El Bouhmidi explique que l’expression «campagne prématurée» renvoie à l’utilisation des espaces publics, et plus précisément ceux réservés à l’affichage des tracts, avant le début officiel de la campagne. Sinon, poursuit-il, tous les candidats seraient en situation de fraude, puisque tous les partis politiques communiquent sur leur programme et leurs têtes de liste.
«Pire encore, ils font des promesses à longueur de journée, sans jamais être inquiétés», s’indigne El Bouhmidi. Allusion est faite à un autre chef d’inculpation qui pèse sur Bahraoui: «Promesses électorales». Celui-ci est prévu par l’article 102 du code électoral. La disposition prévoit un emprisonnement d’1 à 5 ans et une amende de 50.000 à 100.000 DH à quiconque offre, pendant la campagne électorale, des dons, libéralités, des promesses de libéralités ou de faveur administratives soit à une collectivité locale, soit à un groupe de citoyens. Et ce, en vue d’influencer le vote d’un collège électoral. Quoi qu’il en soit, le procès qui s’ouvre aujourd’hui devrait apporter les premiers éléments de réponse et surtout clarifier la position de l’appareil judiciaire sur ce sujet…
Entre six mois et un an de prison
De tous les chefs d’inculpation retenus contre Bahraoui, un seul semble être clair et tranché: utilisation des moyens apparentant à la Commune pour la campagne électorale.
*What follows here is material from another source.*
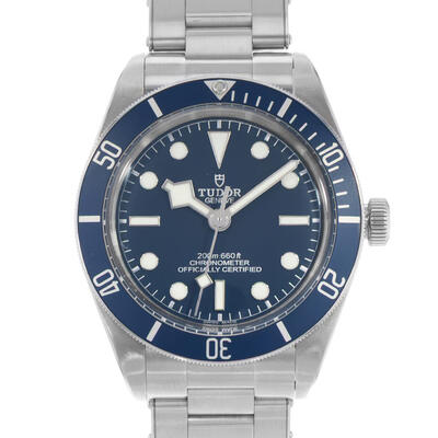 Pre-owned Tudor Black Bay Fifty-Eight Automatic Chronometer. Blue dial with silver-tone hands and index hour markers, minute outer ring markers. Silver-tone stainless steel case and bracelet. Unidirectional rotating blue bezel. Sapphire crystal glass is scratch resistant. Screw-down winding/crown. Solid case back. Analog display functions: hours/minutes/seconds shown via analog subdials or directly on the dial face with traditional indices and batons, features luminescent coating for visibility in low light conditions. Round 39 mm stainless steel bracelet watch movement type automatic self-winding powered by Tudor Calibre MT5402 mechanical movement containing 27 jewels beating at a frequency of 28800 vph (approximately 5 beats per second) offering an approximate power reserve of 70 hours. Water resistant up to 200 meters / 660 feet which makes it suitable for swimming and diving. Item Variations: 79030B, 79030b-0001.
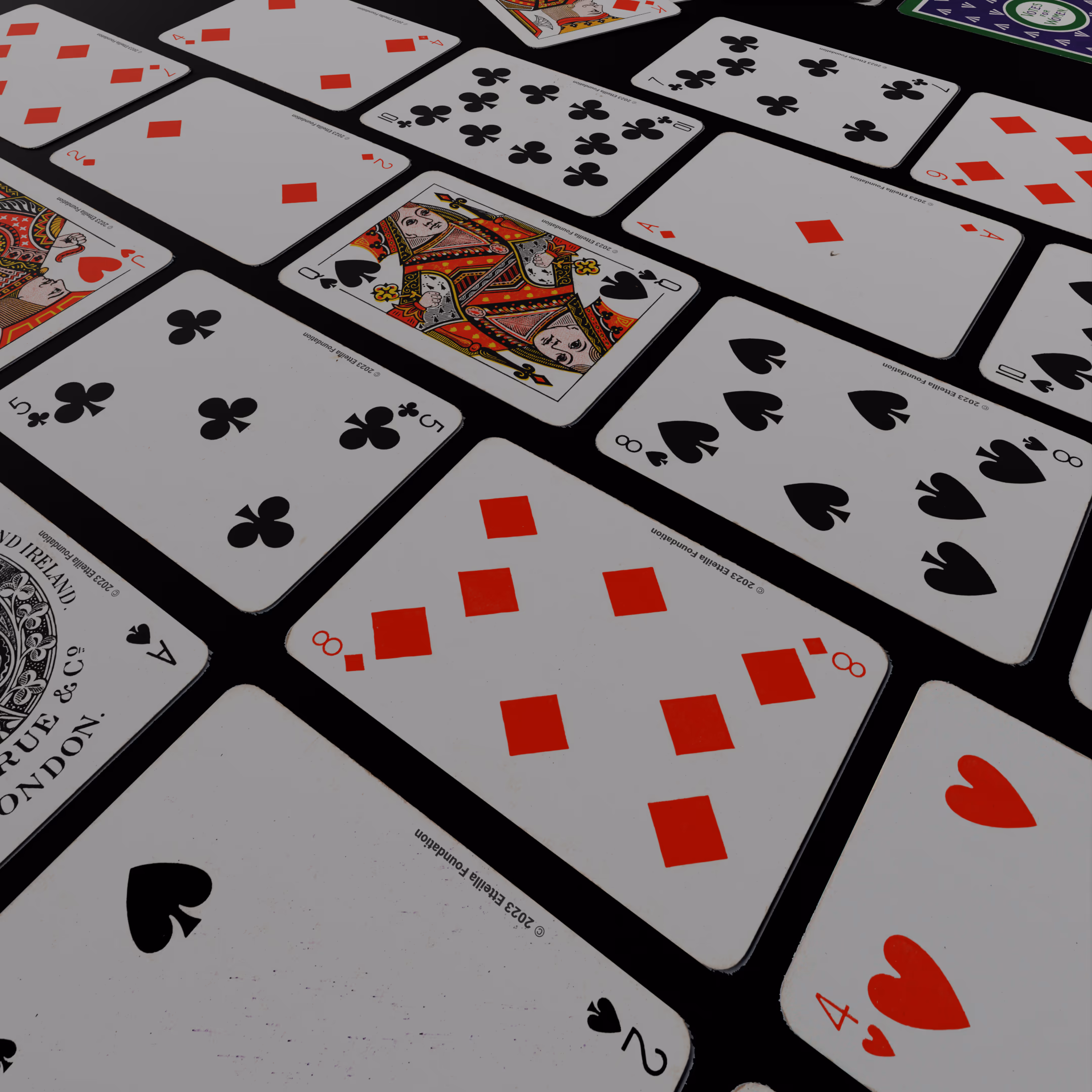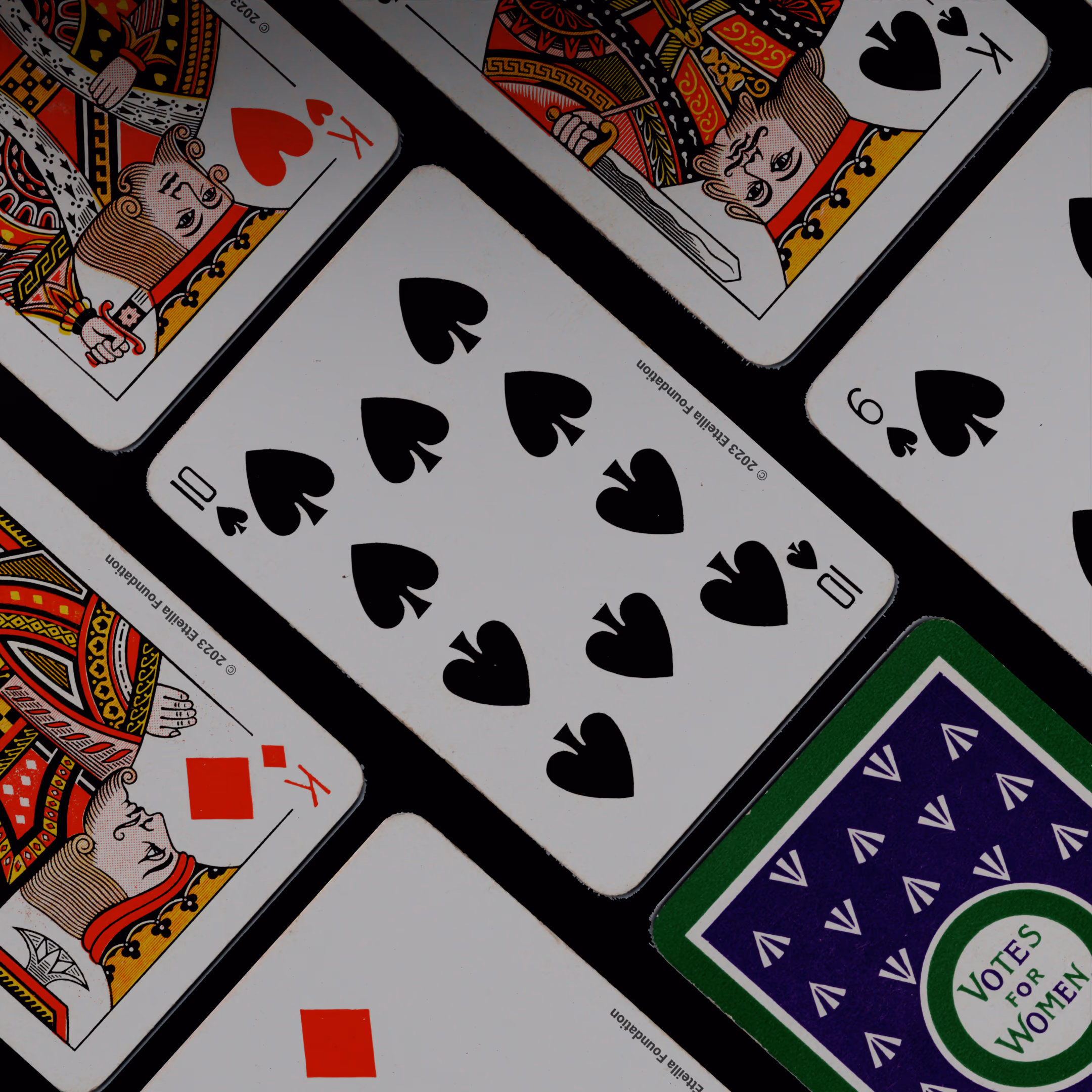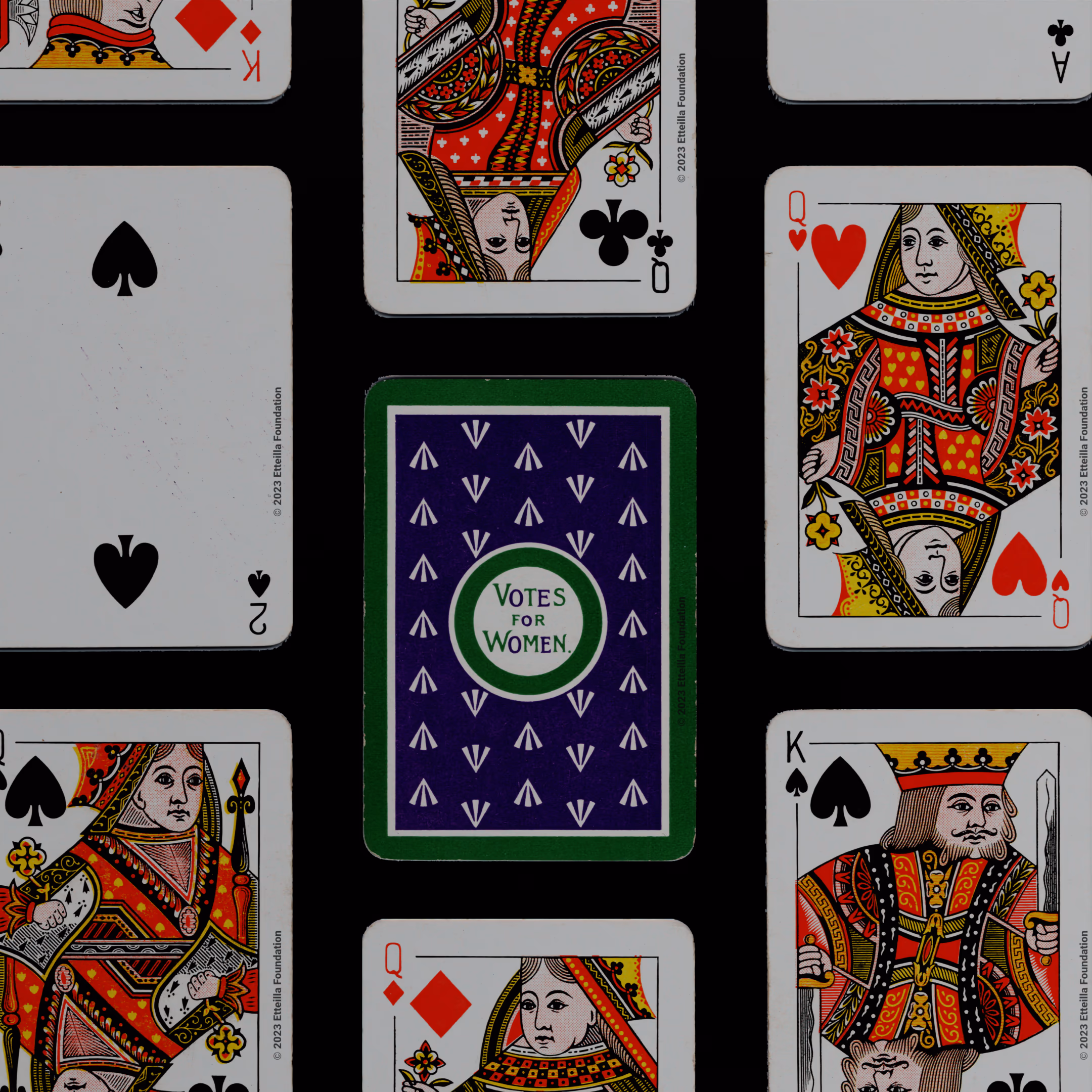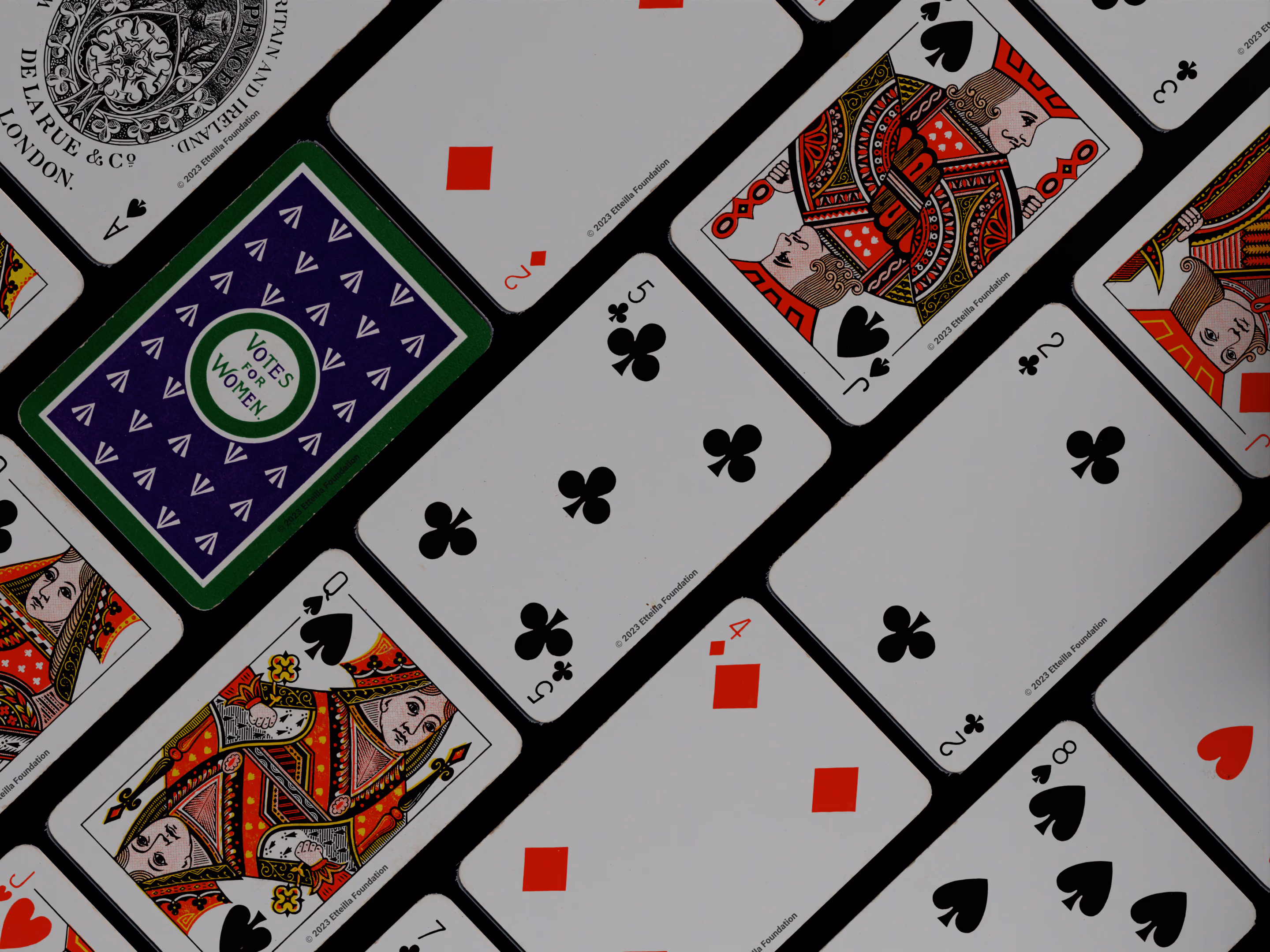 Deck manufactured by DeLarue and Company in 1910. What mak this deck historically signficant is that it is the only known deck produced by Emmeline Pankhurst’s Women’s Social and Political Union (WPSU) to support the suffragettes and the Votes For Women movement.

Cette infraction est réprimée par l’article 54 du code électoral. «Est interdite, l’utilisation, sous quelque forme que ce soit, au profit de la campagne électorale d’un candidat, du matériel et des moyens appartenant à l’Etat, aux collectivités, locales ou aux établissements publics ou semi-publics, à l’exception des lieux de rassemblement mis à base égalitaire, à la disposition des candidats et des partis politiques par l’Etat et les Collectivités locales». L’article 84 du même texte punit d’un emprisonnement de six mois à un an et d’une amende de 5.000 à 10.000 dirhams, toute personne qui contrevient aux dispositions de l’article 54 du code précité».